Even though my body and facial expression was screaming NO, out of my mouth came the words: “I am not sure.”

He looked deflated but said he understood.  We walked out of the restaurant, quickly hugged goodbye, and went our separate ways.

“It is not easy to keep silent when silence is a lie.” ― Victor Hugo

The next day I opened Match, and was about to write him and tell him how I really felt.  While I was deciding what to write, he blocked me.

Thank you!   I love when things get resolved on their own.

Everything in life, and in this case, dates, are either a win or a lesson.  This time, again, it was a lesson.  I learned that I need to read profiles more carefully, ask more questions and pay attention to the answers.

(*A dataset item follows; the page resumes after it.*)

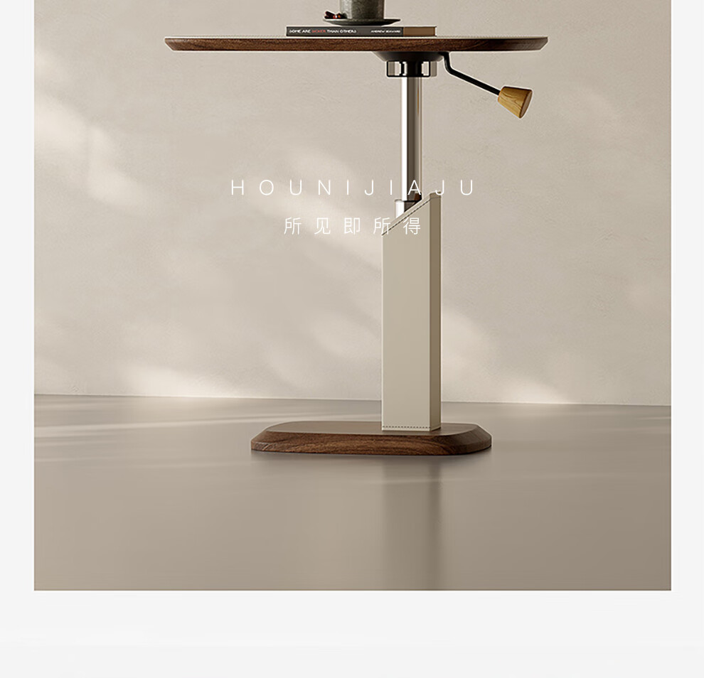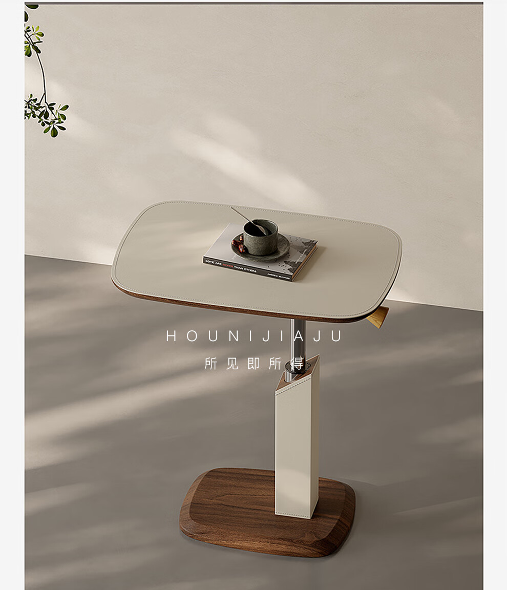 逅你意式可升降马鞍皮边几沙发小茶几客厅家用极简床头角几原创桌子 设计师_升降边几

While he seemed to be a nice person and I had a nice time, had I spent more time reading his profile and asking the right questions before the date, I would know he was not for me.

On the date, he said he was not interested in a committed relationship.  It turns out he is still married, and there will be no divorce.  It is a long story that he shared with me on the date, and I am choosing not to repeat here to protect the innocent.

I understand his situation.  It has to do with his past, insurance, finances and a personal sense of obligation.  Still, even if there was chemistry, I think it would be too much drama for me to get involved with.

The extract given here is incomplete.